South Africa

Politics, South Africa

Secrecy surrounds state meeting with the Gupta Four banks

Secrecy surrounds state meeting with the Gupta Four banks

Labour Minister Mildred Oliphant on Tuesday confirmed, but declined to give details of, meetings with “financial institutions” as Cabinet has yet to be briefed. Just over two weeks ago Oliphant, Mineral Resources Minister Mosebenzi Zwane and Finance Minister Pravin Gordhan were tasked by Cabinet to engage the banks that had cut ties with Gupta-owned companies.
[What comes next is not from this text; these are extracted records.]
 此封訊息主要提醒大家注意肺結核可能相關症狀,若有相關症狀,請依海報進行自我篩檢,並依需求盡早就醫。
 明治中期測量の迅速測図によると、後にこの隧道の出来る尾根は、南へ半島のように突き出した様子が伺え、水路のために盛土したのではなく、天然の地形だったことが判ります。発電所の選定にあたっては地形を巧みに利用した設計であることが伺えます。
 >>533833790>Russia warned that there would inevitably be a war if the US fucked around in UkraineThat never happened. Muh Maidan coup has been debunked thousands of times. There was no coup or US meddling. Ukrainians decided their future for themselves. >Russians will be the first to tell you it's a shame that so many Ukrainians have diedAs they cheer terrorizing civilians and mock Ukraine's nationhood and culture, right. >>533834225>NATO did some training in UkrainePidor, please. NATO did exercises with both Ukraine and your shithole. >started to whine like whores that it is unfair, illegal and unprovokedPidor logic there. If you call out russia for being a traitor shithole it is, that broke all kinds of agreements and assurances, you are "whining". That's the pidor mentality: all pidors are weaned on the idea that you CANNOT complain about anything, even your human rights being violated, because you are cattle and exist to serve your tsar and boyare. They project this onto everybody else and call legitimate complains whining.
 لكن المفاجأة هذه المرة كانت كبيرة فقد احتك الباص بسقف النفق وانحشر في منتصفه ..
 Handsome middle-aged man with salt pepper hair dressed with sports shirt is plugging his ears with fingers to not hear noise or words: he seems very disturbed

Minister in the Presidency Jeff Radebe said Cabinet was concerned this could “deter investment” and therefore had asked the ministers to meet the banks to find “a lasting solution”. By MARIANNE MERTEN.

On a day with six budget debates in Parliament, it was an off-chance question during a media briefing following the labour budget debate. “Yes, we have met with some financial institutions, but we have not yet reported back to Cabinet,” said Oliphant, adding that any report on such meetings would come from Radebe, who hosts the post-Cabinet media briefings. “I can’t disclose the information. Once the report is out, you’ll know who was at the meetings.”
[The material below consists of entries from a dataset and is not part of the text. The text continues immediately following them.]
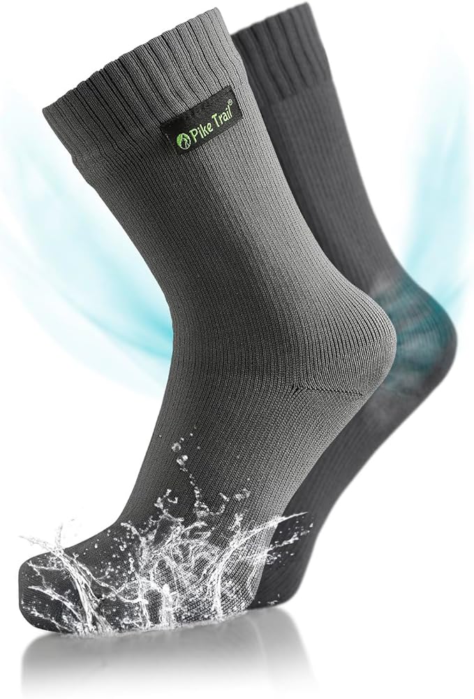 WATERPROOF; Unlike inferior hiking socks, these premium waterproof socks from Pike Trail are crafted to keep your feet dry in any conditions; These waterproof socks for women and men feature triple layer engineering that prevent your feet from becoming wet no matter where the adventure takes you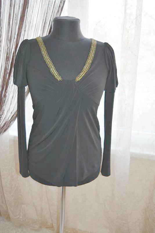 Сексуальная блузка, масло, цепи. Одета на манекен 52 размера. Очень удачный крой- скрывает животик, если он есть, удачно открывает и приподнимает грудь - везде правильные акценты. Цвет насыщенный черный, 1-е фото специально засветила, чтобы было видно модель.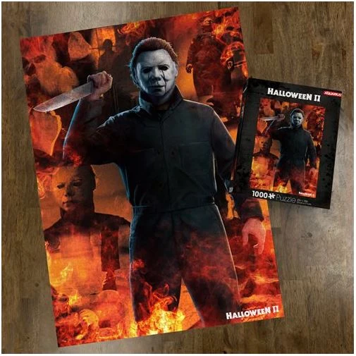 It takes a tad of courage to assemble a puzzle like this, but we think you will stand the test. The Halloween 2 Fire 1,000-Piece Puzzle may be intimidating, but if you paused on this item, it just might be for you or someone you know. Your pal Michael Myers is featured front and center in the image on this 38-inch tall x 20-inch wide puzzle. Well… Ages 14 and up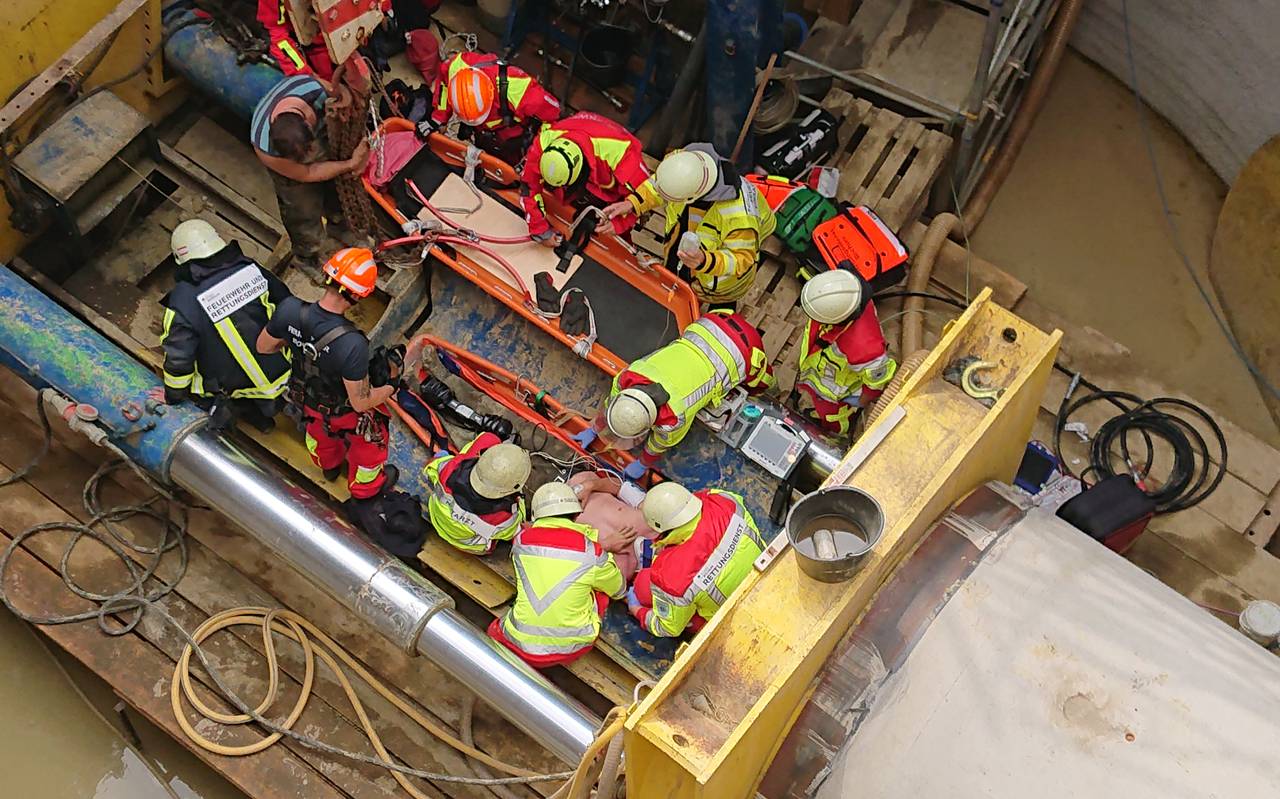 Seine Kollegen konnten ihn mehrere hundert Meter durch das Rohr zurück in die Baugrube transportieren. Dort haben ihn die Feuerwehrleute mit Hilfe eines Krans und einem daran befestigten Korb bergen können. Der Mann kam ins Krankenhaus.

That may be as early as later this week as one of Cabinet’s regular twice-monthly meetings should take place on Wednesday. However, it would depend on whether the ministers’ reportback is on the agenda. Traditionally there is a post-Cabinet media briefing the next day, or Friday, although that is not always the case.

Radebe’s announcement was made on 21 April, during a briefing on the 13 April Cabinet meeting. Then Radebe confirmed that Cabinet had noted the actions of the four commercial banks.
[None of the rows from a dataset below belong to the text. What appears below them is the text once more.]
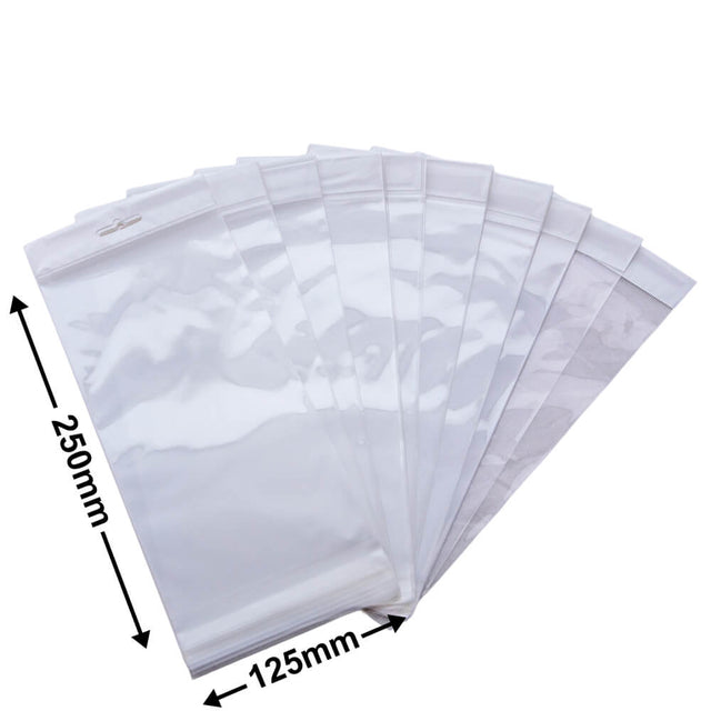 Hangsell Bags with White Headers 250x125mm 35µm (Qty:100)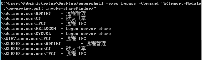 >powershell -exec bypass -Command "&{Import-Module .\powerview.ps1; Invoke-sharefinder}"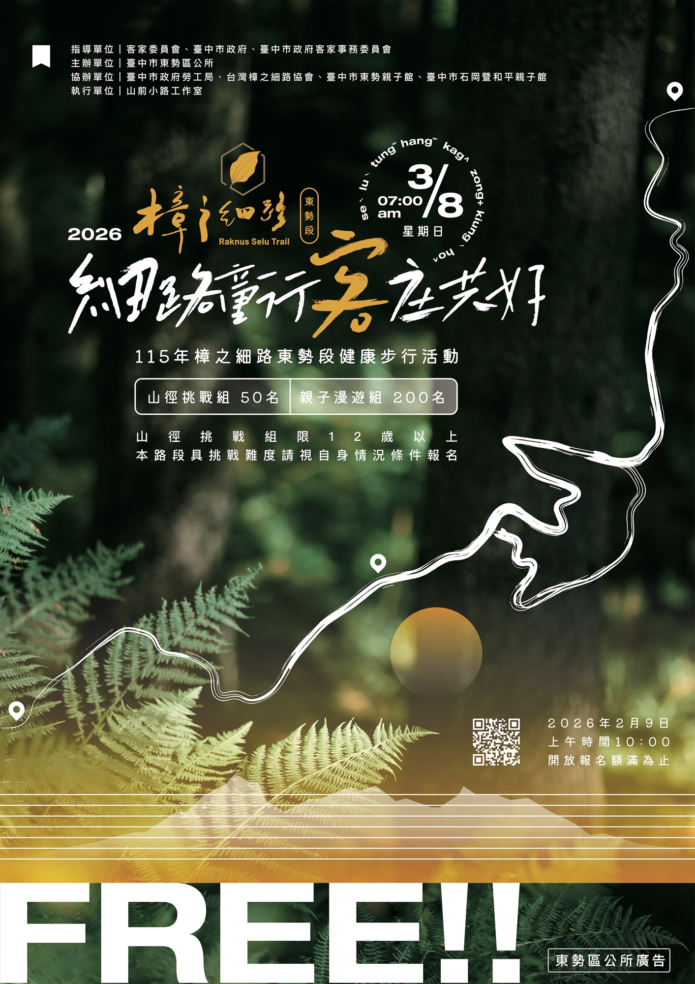 07:00–07:20 | 山徑挑戰組 報到 第一梯親子漫遊組 報到 | 憑報名QRCODE至報到台領取物資包 集合地點:台中市東勢客家文化園區 |

Whilst Cabinet appreciate the terms and conditions of the banks, the acts may deter future potential investors who may want to do business in South Africa. Cabinet has endorsed that the ministers of finance, labour and mineral resources should open a constructive engagement with the banks to find a lasting solution to this matter.”

Facing a barrage of journalists’ questions, he downplayed this move as nothing extraordinary, but an information gathering exercise:

I think there are big boys and girls in the banks. They can never be bullied by anybody.”

His announcement came as Oakbay Investments initiated a public campaign over employees’ jobs. Between late March and early April, South Africa’s four commercial banks, and Oakbay auditor KPMG and Johannesburg Stock Exchange (JSE) sponsor Sasfin Capital, cut ties with Gupta-owned companies. However, in late April SizweNtsalubaGobodo were appointed auditors, although a new JSE sponsor, required to remain operational, remains outstanding.

On 16 March, Deputy Finance Minister Mcebisi Jonas publicly announced that he had been approached by the Guptas to head the finance portfolio.

Members of the Gupta family offered me the position of Minister of Finance to replace then Minister (Nhlanhla) Nene. I rejected this out of hand. The basis of my rejection of their offer is that it makes a mockery of our hard-earned democracy, the trust of our people and no one apart from the President of the Republic (of South Africa) appoints ministers,” he said in a statement.

It was not the only time on Tuesday that the Guptas, or the finance ministerial musical chairs of December 2015, featured in Parliament.

According to Business Day, Public Investment Corporation (PIC) CEO Dan Matjila told the standing committee on finance that “to the best of our knowledge the PIC has not made any direct investment in a Gupta-owned entity”.

However, the PIC lost R99-billion within 48 hours of Nene being sacked as finance minister, it emerged during the briefing to MPs by the corporation, which invests on behalf of government, including government pensions and social security funds such as the Unemployment Insurance Fund (UIF) money.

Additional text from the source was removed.